* _WHAT THE TASK ASKS_: Every line in the data below from the one containing "中國臺(tái)灣網(wǎng)總經(jīng)理劉曉輝致辭。 中國青年網(wǎng)見習(xí)記者 岳巍攝" down to the one containing "今日の給食は、「さくら飯、牛", both included, must be retyped exactly; no other line is to appear.

* _STORED DATA_:
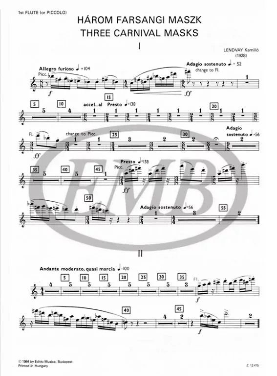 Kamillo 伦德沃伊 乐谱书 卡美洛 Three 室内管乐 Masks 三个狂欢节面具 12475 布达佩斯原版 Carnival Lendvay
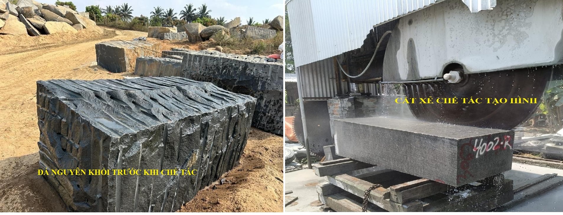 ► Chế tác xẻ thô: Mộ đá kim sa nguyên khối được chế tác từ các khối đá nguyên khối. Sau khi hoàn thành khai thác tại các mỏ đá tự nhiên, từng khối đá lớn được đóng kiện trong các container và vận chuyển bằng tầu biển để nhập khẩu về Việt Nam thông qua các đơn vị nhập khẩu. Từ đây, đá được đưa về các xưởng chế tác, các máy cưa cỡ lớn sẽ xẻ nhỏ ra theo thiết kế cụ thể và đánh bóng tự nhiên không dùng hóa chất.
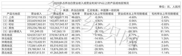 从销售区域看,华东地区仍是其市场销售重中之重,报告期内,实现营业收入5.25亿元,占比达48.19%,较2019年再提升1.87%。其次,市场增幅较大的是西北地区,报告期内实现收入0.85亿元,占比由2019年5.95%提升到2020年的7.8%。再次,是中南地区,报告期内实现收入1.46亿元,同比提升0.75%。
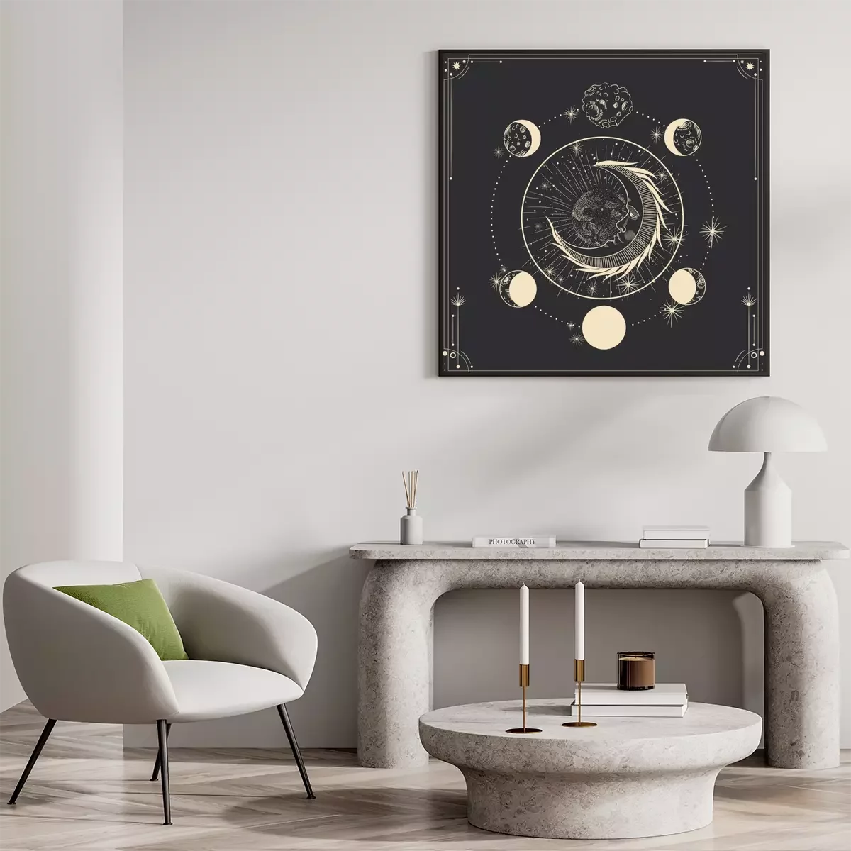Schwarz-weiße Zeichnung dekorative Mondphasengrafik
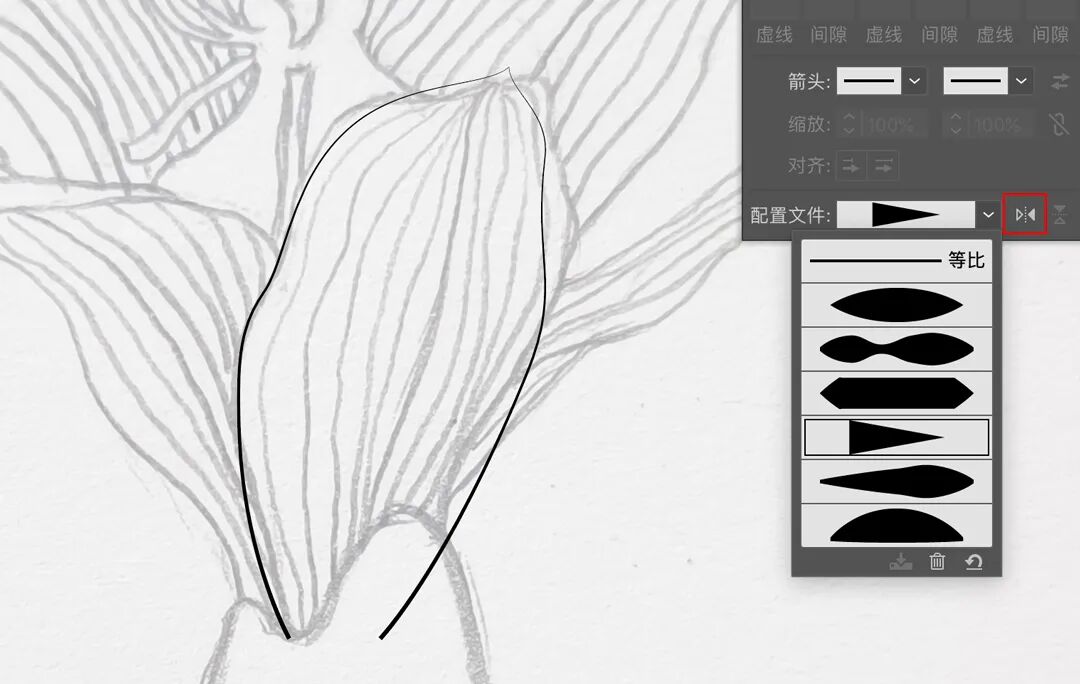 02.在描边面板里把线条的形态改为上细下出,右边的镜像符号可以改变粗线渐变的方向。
--
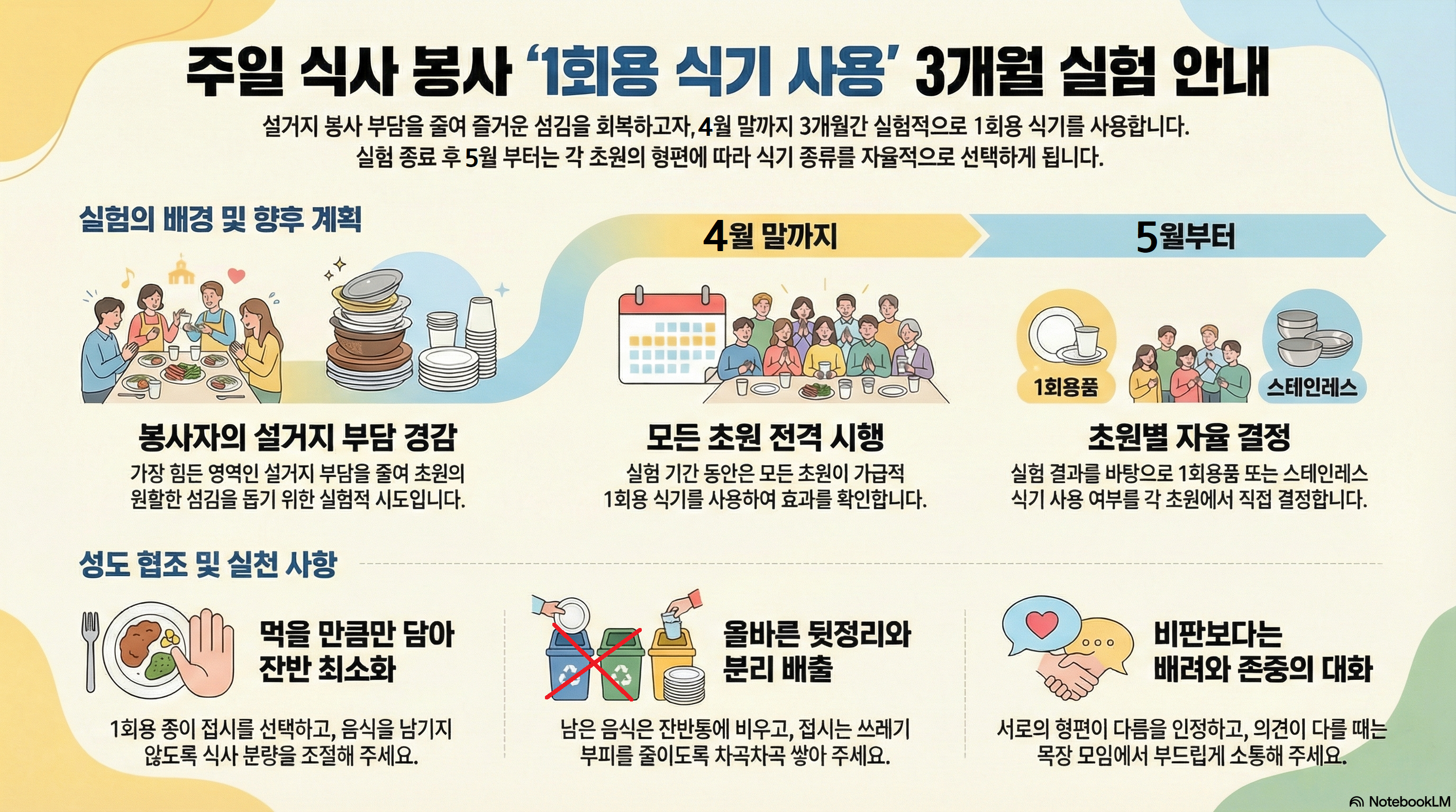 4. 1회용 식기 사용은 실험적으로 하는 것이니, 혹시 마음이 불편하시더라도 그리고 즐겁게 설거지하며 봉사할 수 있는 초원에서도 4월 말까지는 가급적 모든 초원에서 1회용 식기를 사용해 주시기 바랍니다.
* * *
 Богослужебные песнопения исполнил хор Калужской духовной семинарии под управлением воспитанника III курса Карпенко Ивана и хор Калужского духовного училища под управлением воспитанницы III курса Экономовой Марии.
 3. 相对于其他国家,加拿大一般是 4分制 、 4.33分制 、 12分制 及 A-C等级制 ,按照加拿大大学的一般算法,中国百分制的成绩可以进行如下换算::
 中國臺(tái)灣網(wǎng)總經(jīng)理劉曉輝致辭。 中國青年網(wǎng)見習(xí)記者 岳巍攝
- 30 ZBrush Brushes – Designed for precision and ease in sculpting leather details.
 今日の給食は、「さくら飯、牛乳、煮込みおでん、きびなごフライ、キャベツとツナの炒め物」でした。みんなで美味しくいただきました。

* _RESPONSE BELOW_:
 中國臺(tái)灣網(wǎng)總經(jīng)理劉曉輝致辭。 中國青年網(wǎng)見習(xí)記者 岳巍攝
- 30 ZBrush Brushes – Designed for precision and ease in sculpting leather details.
 今日の給食は、「さくら飯、牛乳、煮込みおでん、きびなごフライ、キャベツとツナの炒め物」でした。みんなで美味しくいただきました。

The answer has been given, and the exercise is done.